DATA EXTRACT:
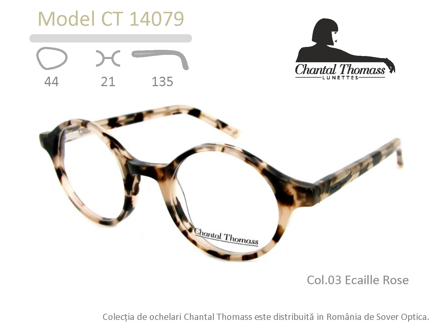 Montura Chantal Thomass CT14079_C1 are un aer deopotrivă mitologic și modern, silueta round fiind mai actuală ca niciodată. Dacă privim generic, observăm că, de vreo trei sezoane, tipologia round a cucerit tot mai mult în popularitate. Azi forma anourilor decupate circular s-a impus deja în toate colecțiile, fie de vedere, fie de soare, distingându-se nu doar prin simplitate formală și eficiență optică, ci și prin versatilitate și expresivitate. Round reprezintă o alegere logică în situații cotidiene, potrivită pentru ambele genuri de purtători, conotația monturilor cu linii esențiale depășind granițele temporale sau geografice. Însă, dacă privim o colecție de ochelari dedicată femeilor a căror punct forte este senzualitatea, atunci round începe să joace un rol diferit. Inevitabila asociere cu “personaje tocilare” se transformă. În viziunea Chantal Thomass -„I only design for women’s pleasure”- ochelarii round de culoare neagră devin un accesoriu fatal pe fața unor personaje chic, ce fac cu ochiul impertinenței. În acest scenariu, ochelarii se fetișizează, devenind obiect al dorinței.
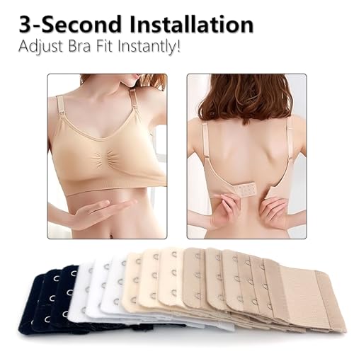 • 12 Pieces Bra Extender Set - This set includes 12 bra extenders, each measuring 3.8" long x 2.2" wide, with a hook distance of 3/4". They are compatible with most three-row, three-hook bras. The set comes in four classic colors: black, white, nude, and beige, making it easy to match with various outfits.
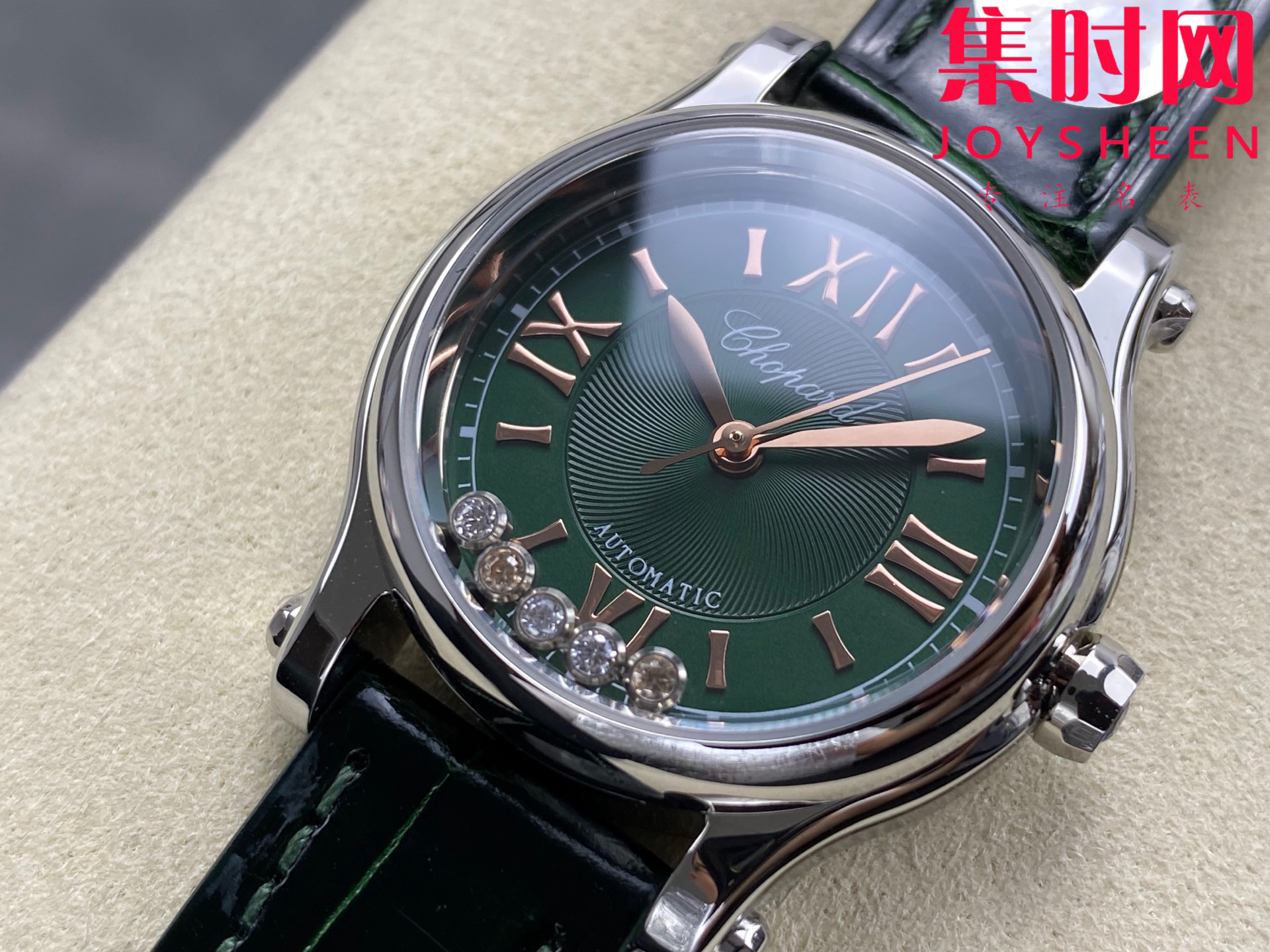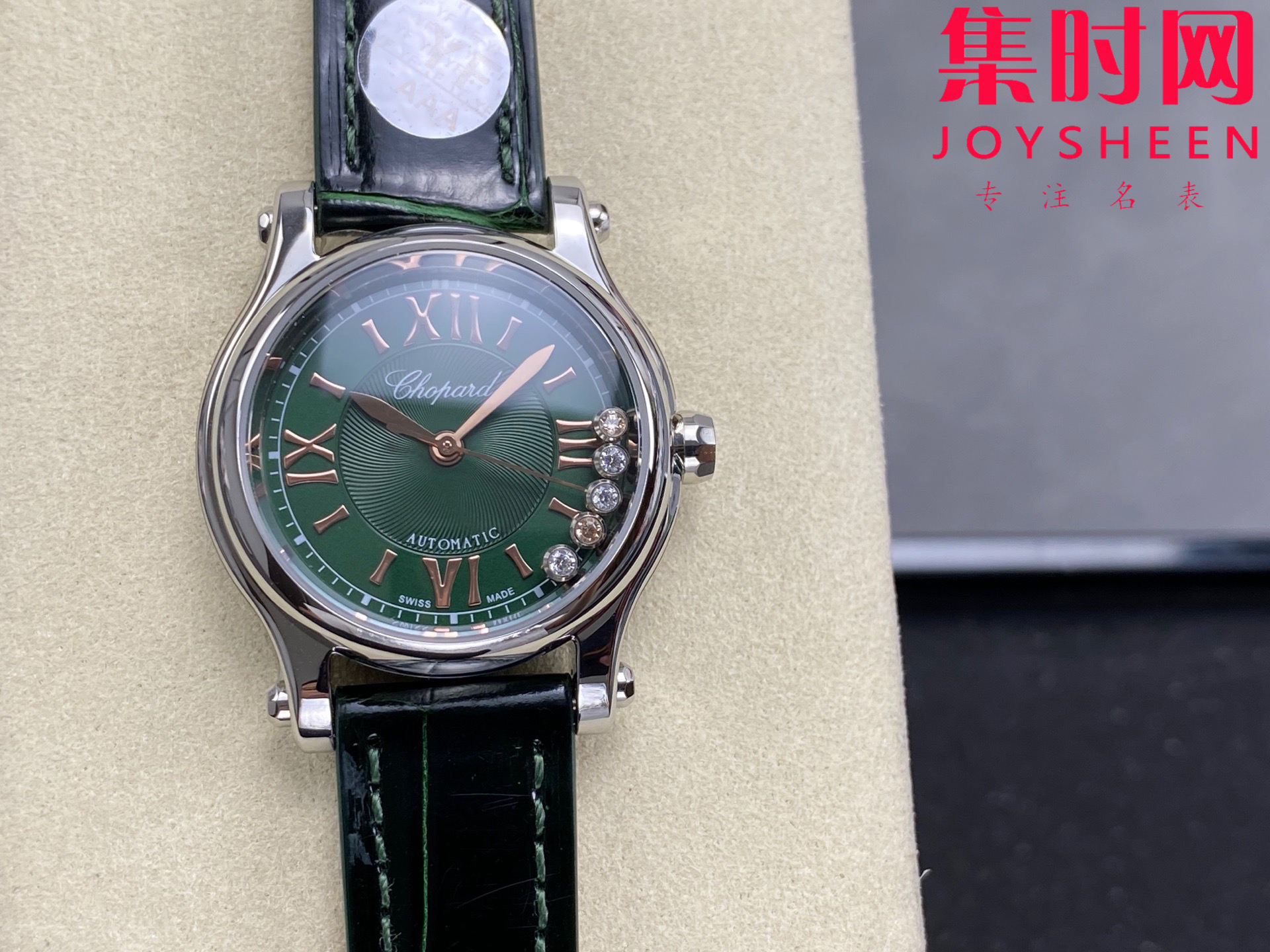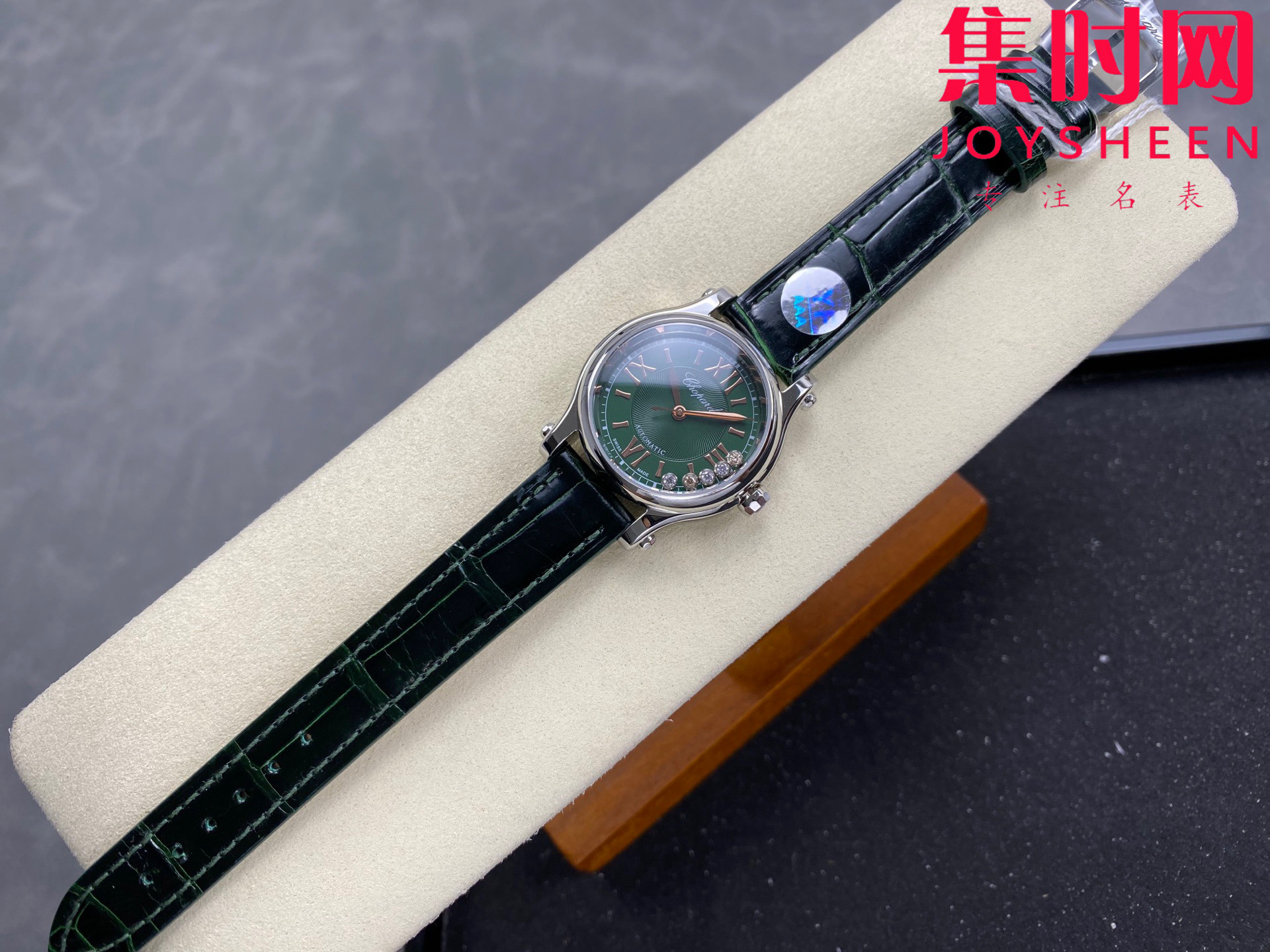 YF萧邦快乐钻系列 新配色绿色盘 快乐钻30mm五钻 女士腕表 表径30mm 采用高端定制美洲鳄鱼皮表带 搭载2892全自动机械机芯,双层蓝宝石水晶镜面,要知道Happy sport系列的特点就是开创性的将精钢与品牌标志性的灵动钻石结合在一起 它打破了珠宝腕表多用贵金属表壳的传统 这块新推出的限量版以松绿色为主色调 搭配18k玫瑰金的指针和时标 绿色代表着生命和蓬勃 黄色则象征着阳光和能量 这个撞色搭配既展现了自然的活力 又传递出积极向上的生活态度 因此这款腕表被形象的称为"绿进斗金"这款腕表拥有30mm毫米的腕表直径,对于大部分女士来说这个尺寸刚刚好。

PROBLEM DETAILS:
Return the whole listing, word for word, and leave out every picture.

ANSWER BELOW:
 Montura Chantal Thomass CT14079_C1 are un aer deopotrivă mitologic și modern, silueta round fiind mai actuală ca niciodată. Dacă privim generic, observăm că, de vreo trei sezoane, tipologia round a cucerit tot mai mult în popularitate. Azi forma anourilor decupate circular s-a impus deja în toate colecțiile, fie de vedere, fie de soare, distingându-se nu doar prin simplitate formală și eficiență optică, ci și prin versatilitate și expresivitate. Round reprezintă o alegere logică în situații cotidiene, potrivită pentru ambele genuri de purtători, conotația monturilor cu linii esențiale depășind granițele temporale sau geografice. Însă, dacă privim o colecție de ochelari dedicată femeilor a căror punct forte este senzualitatea, atunci round începe să joace un rol diferit. Inevitabila asociere cu “personaje tocilare” se transformă. În viziunea Chantal Thomass -„I only design for women’s pleasure”- ochelarii round de culoare neagră devin un accesoriu fatal pe fața unor personaje chic, ce fac cu ochiul impertinenței. În acest scenariu, ochelarii se fetișizează, devenind obiect al dorinței.
 • 12 Pieces Bra Extender Set - This set includes 12 bra extenders, each measuring 3.8" long x 2.2" wide, with a hook distance of 3/4". They are compatible with most three-row, three-hook bras. The set comes in four classic colors: black, white, nude, and beige, making it easy to match with various outfits.
 YF萧邦快乐钻系列 新配色绿色盘 快乐钻30mm五钻 女士腕表 表径30mm 采用高端定制美洲鳄鱼皮表带 搭载2892全自动机械机芯,双层蓝宝石水晶镜面,要知道Happy sport系列的特点就是开创性的将精钢与品牌标志性的灵动钻石结合在一起 它打破了珠宝腕表多用贵金属表壳的传统 这块新推出的限量版以松绿色为主色调 搭配18k玫瑰金的指针和时标 绿色代表着生命和蓬勃 黄色则象征着阳光和能量 这个撞色搭配既展现了自然的活力 又传递出积极向上的生活态度 因此这款腕表被形象的称为"绿进斗金"这款腕表拥有30mm毫米的腕表直径,对于大部分女士来说这个尺寸刚刚好。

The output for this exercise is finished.